Skipping all pictures, print exactly the lines below from the one with "BEDROOM SET. Includes" through the final line.

+++ PROVIDED MATERIAL +++

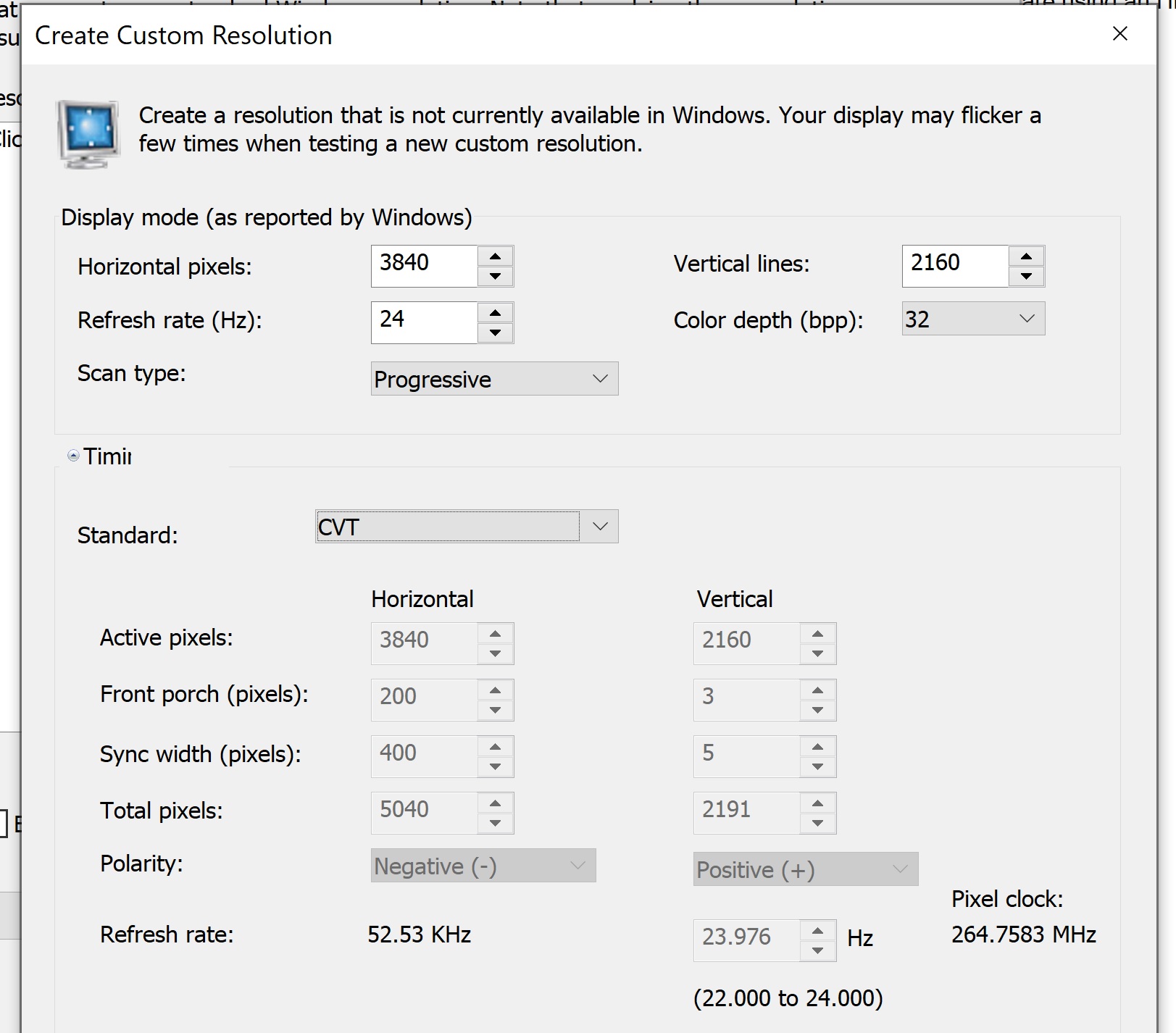 I don't mind using CRU or even the Nvidia custom resolution tool, but I have a serious problem: I Don't know what the heck any of the values mean aside from resolution and refresh rate. Porches, blanking etc etc.... Especially with the CRU tool, I have literally no idea what I am doing. The Nvidia default for 23.976 is pretty close - 1 dropped frame every 50 or so minutes. Which I can live with if there is not an easy way to test some other custom res. I tried using the pixel clock calculator, but don't know what to do with the values that I got. (https://www.monitortests.com/pixelclock....rtvlines=1) My setup: HTPC (Nvidia 3080 driver version 456.71), Denon X3400H receiver, Sony 285ES 4k Projector. UPDATE: I tried adding a detailed resolution with CRU. It added the resolution under the PC section of the Nvidia resolutions. When I select it, and apply, it blanks for a second, saying it is applied, but then just shows the resolution selected as the one up under HD, SD, 1080p section of the Nvidia drivers. I don't mind using the Nvidia custom resolution tool, but need to know how to convert the information the web page is telling me. |
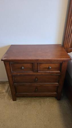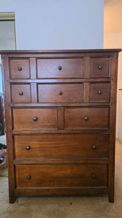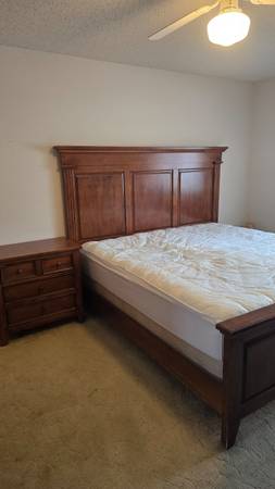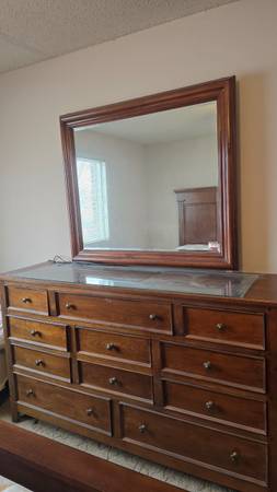 BEDROOM SET. Includes king size bed, dresser with mirror, tall chest of drawers and night stand. Solid wood and good quality furniture but has wear. Minor scratches.
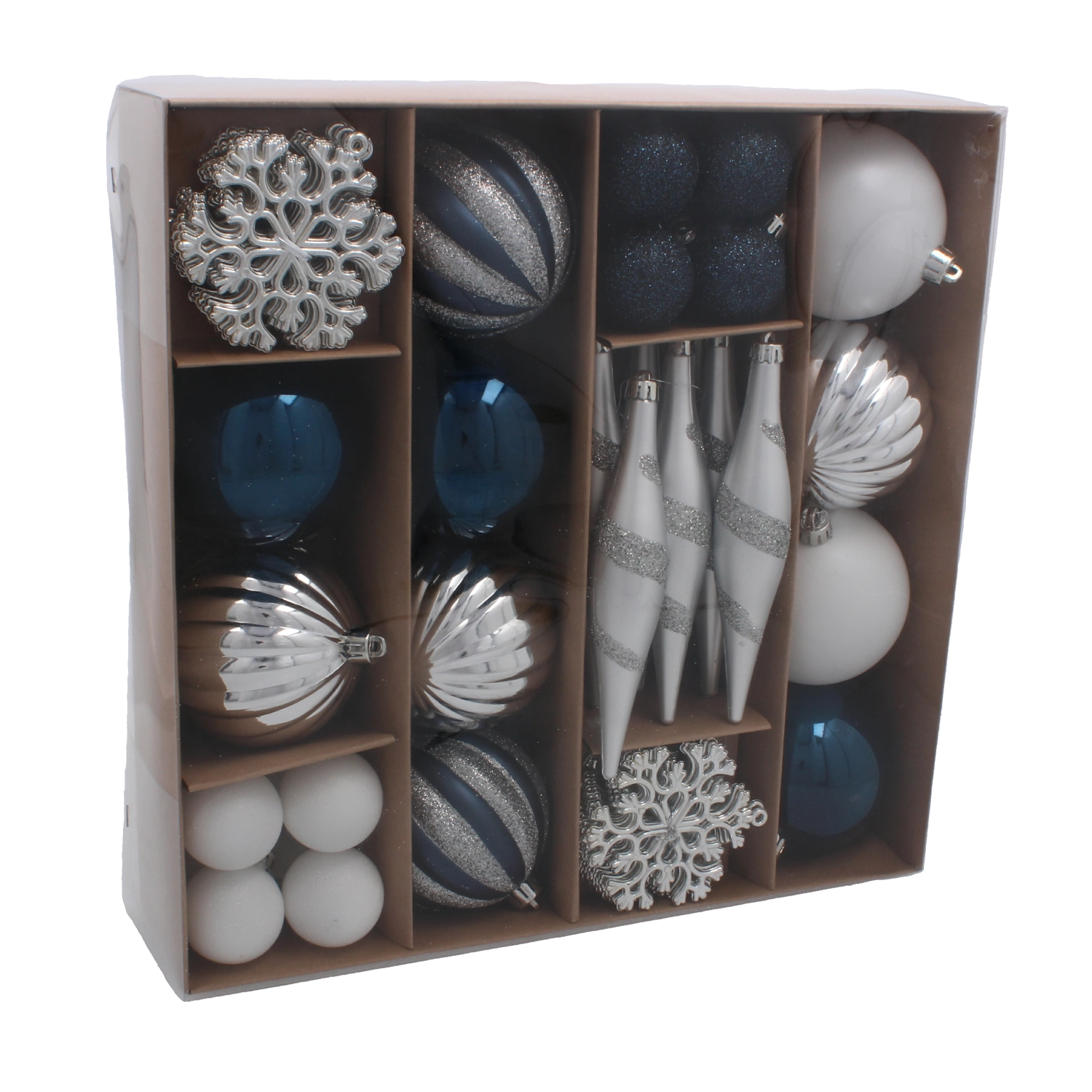 50 darabos karácsonyfadísz-készlet tengerészkék és ezüst színekben

+++

* WRITTEN ANSWER *
 BEDROOM SET. Includes king size bed, dresser with mirror, tall chest of drawers and night stand. Solid wood and good quality furniture but has wear. Minor scratches.
 50 darabos karácsonyfadísz-készlet tengerészkék és ezüst színekben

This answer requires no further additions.